2. Un espace religieux fragmenté

Des études ont montré qu’il appartenait aux célébrations religieuses de gérer symboliquement l’intégration des structures communautaires du territoire d’une cité de type gréco-romain. Cela a été mis en évidence pour la partie occidentale de l’empire. Analysant une inscription commémorative, M. Dondin-Payre considère par exemple que le pagus Catuslouginiensis est l’un « des canaux à travers lesquels se manifeste la cité »599: canal religieux, en l’occurrence, pour cette inscription qui célèbre le financement d’un théâtre situé dans le Bois l’Abbé à 4 km au sud d’Eu et destiné à la célébration du culte des « puissances divines impériales » par un notable du chef-lieu. Ce modèle est-il pertinent pour saisir l’organisation religieuse de la Bekaa ? Le pagus connu par l’inscription de Niha permet-il de progresser sur la question de l’articulation entre Berytus et la Bekaa ? Enfin, quel rôle joue le culte héliopolitain dans l’architecture religieuse de la Bekaa ? Tenter de répondre à ces questions permettra de voir si la nouvelle « logique civique » contribue à organiser le territoire – et de quelle manière –, ou si les divinités topiques « fragmentent » le paysage religieux de la Bekaa indépendamment des limites civiques.

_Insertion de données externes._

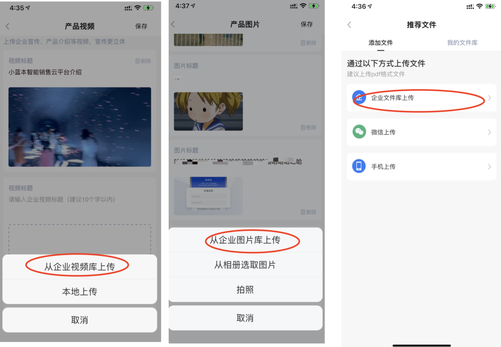 用户进入移动端名片编辑页面,可直接选择上传企业素材库的视频、图片、文件
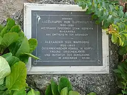 In November 1887, the Empress commissioned Warsberg to find a suitable plot of land for a villa on Corfu. Warsberg, who was now seriously ill, managed to acquire the Villa Braila for the Empress and purchased additional land on Corfu for the construction of the villa. He created the "spiritual concept" for the palace, called Achilleion, but did not live to see the completion of it in 1891. After his death, his brother Gustav took over the construction management for a short time.[2][3]

Quel fonctionnement religieux pour Niha ?

La tradition historiographique identifie d’emblée l’actuelle Niha, où se dressent encore deux temples imposants600, et le pagus Augustus qui y a honoré la dea Suria Nihatena. Il me semble plus prudent de souligner l’impossibilité, en l’état actuel de la documentation, à mettre en rapport avec certitude ces deux entités. La déesse préside aux destinées de l’agglomération comme l’affichent son iconographie et l’épiclèse601. Le théonyme conserve un topique que la dénomination du pagus n’enregistrait pas. Il est donc possible que le pagus Augustus désigne une subdivision territoriale et que les autorités en charge du pagus aient choisi de rendre hommage à la divinité tutélaire d’une localité importante (celle d’un hypothétique « vicus Nihathenus ») de l’espace ainsi géré. Si le pagus Augustus se confondait néanmoins avec l’agglomération localisée par l’actuelle Niha, suivant la communis opinio, la déesse ne serait pas éponyme, mais elle jouerait le rôle de conservatoire d’un topique qui aurait ressurgi après la période romaine. Dans ce cas la dea Suria Nihatena aurait la même fonction protectrice ou tutélaire que le genius pagi dans nombre de pagi de la partie occidentale de l’empire ou dans la colonie de

599

DONDIN-PAYRE2006, p. 141. Sur cette question, voir aussi SCHEID1991a, p. 50-52.

600

Cf. annexe, fig. 48 à 50.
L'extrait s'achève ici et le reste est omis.